Guidelines for adding programs?

Should a particular program (assuming it is open source) already have a package created for ArchLinux before adding it to this list? Also, what if it is relatively new, and doesn't have a lot of users yet, should it go through a minimum amount of other user testing before adding it? In the interest of full disclosure, I have recently contributed a backup system as open source (currently hosted on github), that I've personally used for a while -- it is similar in concept to the rsync-based backups, but it includes full file level deduplication (even across multiple clients), an SQLite-based catalog, and the client side uses standard GNU tar, find, and a wrapper shell script (no binaries to install on the client side). So you end up with the simplicity of rsync, with some of the features of the heavy-weight backup programs.
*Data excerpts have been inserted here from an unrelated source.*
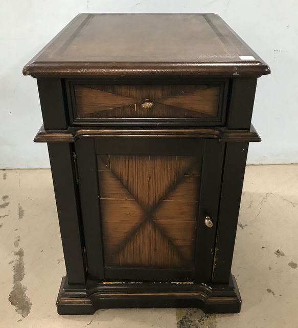 Modern Black Painted Nightstand, faux leather top, single drawer, single door, 25"h., 18"w. 32"d. Modern Black Painted Nightstand, faux leather top, single drawer, single door, 25"h., 18"w. 32"d.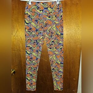 Lularoe leggings os. funky Paisley type print in bright orange, yellow, and lavendar on a dark background.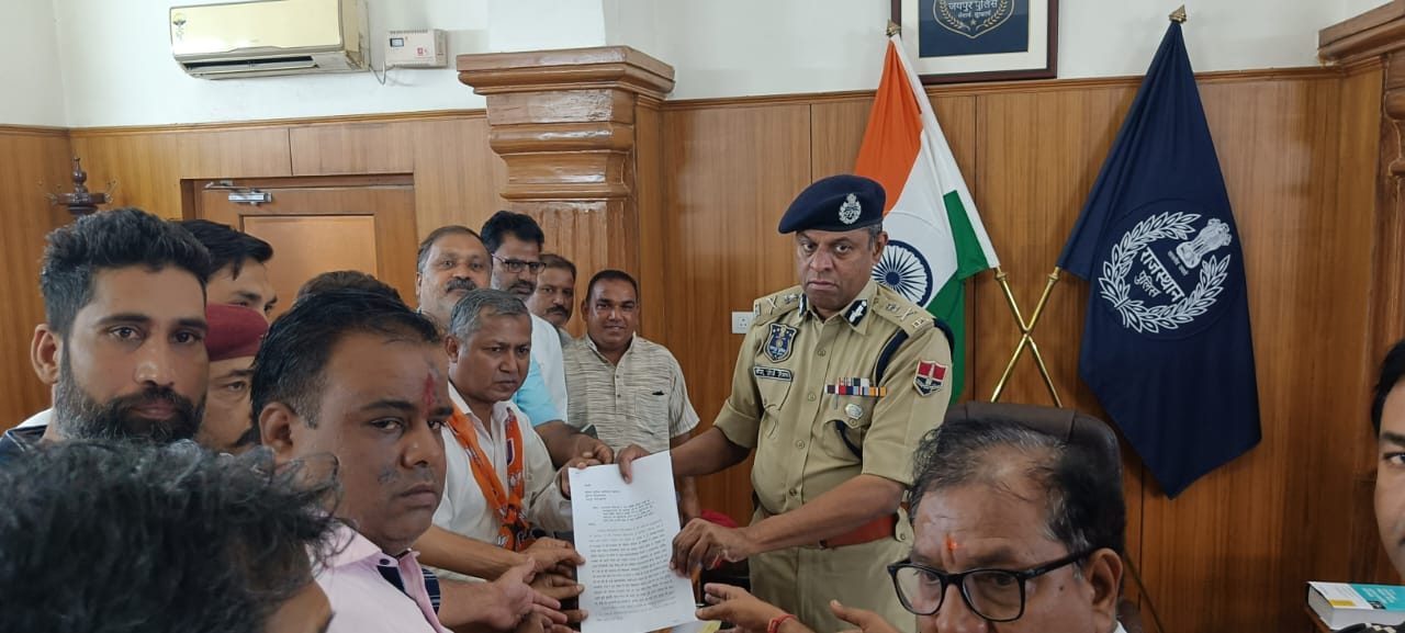जयपुर:-हवामहल विधानसभा क्षेत्र के मंडल अध्यक्ष व पार्षदों के द्वारा हवामहल विधायक स्वामी बालमुकुंदाचार्य महाराज को सोशल मीडिया पर गलत कमेंट करने व धमकी देने वाले असामाजिक तत्वों पर कार्यवाही करवाने हेतु जयपुर पुलिस कमिश्नर बीजू जॉर्ज जोसेफ को ज्ञापन दिया गया!मंडल अध्यक्ष ने बताया कि हवामहल विधायक स्वामी बालमुकुंदाचार्य महाराज, होने के साथ-साथ अखिल भारतीय सत्त समिति के आध्यक्ष भी है. जिनको दिनांक 01.10.2024 व 02.10.2024 को सोशल मीडिया के माध्यम से अपमान जनक संदेश और अभद्र टिप्पणीयां करने का मामला सामने आया है। जिससे एक विशेष समुदाय के लोगों के द्वारा साम्प्रदायिकता फैलाने व आध्यात्मिक, धार्मिक आस्था को खत्म करते हुये राष्ट्रीय एकता व अखण्डता को नुकसान करने वाली टिप्पणीयाँ, तथा हिन्दू धर्म कि धार्मिक भावनाओं को आहत किया जा रहा है। जब से महाराज जी विधायक हवामहल निर्वाचित हुये हैं, तब से लेकर के आज तक आये दिन जान से मारने व गोली से उड़ाने की धमकीयां लगातार दी जा रही है, कई असामाजिक तत्वों द्वारा वाहन का पीछा करना व फोन पर धमकीयां देना व इस संबंध में स्वयं विधायक महोदय द्वारा भी बार-बार पुलिस प्रशासन को अवगत करवाया गया है। इन सभी गंभीर विषयों, को ध्यान में रखते हुये इनकी जान-माल की हानि को देखते हुये इनके परिवार के साथ भी कभी भी अनहोनी हो सकती है, इनको स्वयं को वाई प्लस सुरक्षा दी जाये। जिसके परिणाम स्वरूप प्रदेश में अशांति का वातावरण उत्पन्न कर सकती है!इसे दौरान जलमहल मंडल अध्यक्ष कैलाश जांगिड़, पोड्ररिक मंडल अध्यक्ष मानसिंह देवड़ा आलोक पारीक ,चिमन लाल सैनी ,पूर्व पार्षद राजेश गुप्ता, मानप्रकाश गुप्ता, मुकेश टेलर ,शिव सोनी पार्षद सुरेश सैनी पार्षद मनोज वशिष्ठ , भूपेन्द्र चिराना,जिला मंत्र युवा मोर्चा विनय शर्मा, युवा मोर्चा अजय महावार,एवं समस्त भारतीय जनता पार्टी कार्यकर्ता मौजूद रहे !

Thought I would ask here first before posting a writeup on the main wiki page -- don't want to appear like I'm spamming links or anything. Derekp7 (talk) 01:48, 17 February 2013 (UTC)Reply

You are free to add your tool. But since this is an Arch Wiki, the tool should be easily accessed by Arch user. I think at least a AUR package is needed. Create a AUR package is very easy. See the AUR and PKGBUILD for how to. -- Fengchao (talk) 07:42, 17 February 2013 (UTC)Reply

Cloud backups

Can I add these tree other options or they are not suitable by any reason?

- Drive[1] - AUR[2]
- Copy[3] - AUR[4]
- Bitcasa[5] - AUR[6]

--Gabriel B. Casella (talk) 21:37, 13 December 2013 (UTC)Reply

Sure, considering that MEGA is listed in Backup_Programs#Cloud_backups, these three would fit there much better ;) But please keep the structure the same as for other software. -- Lahwaacz (talk) 22:01, 13 December 2013 (UTC)Reply

Wuala is shutting down

Wuala is shutting down, see notice[7]. Can I remove it? Also it's recommended alternative Tresorit[8] is not exaclty the same, it's more of an encrypted Dropbox.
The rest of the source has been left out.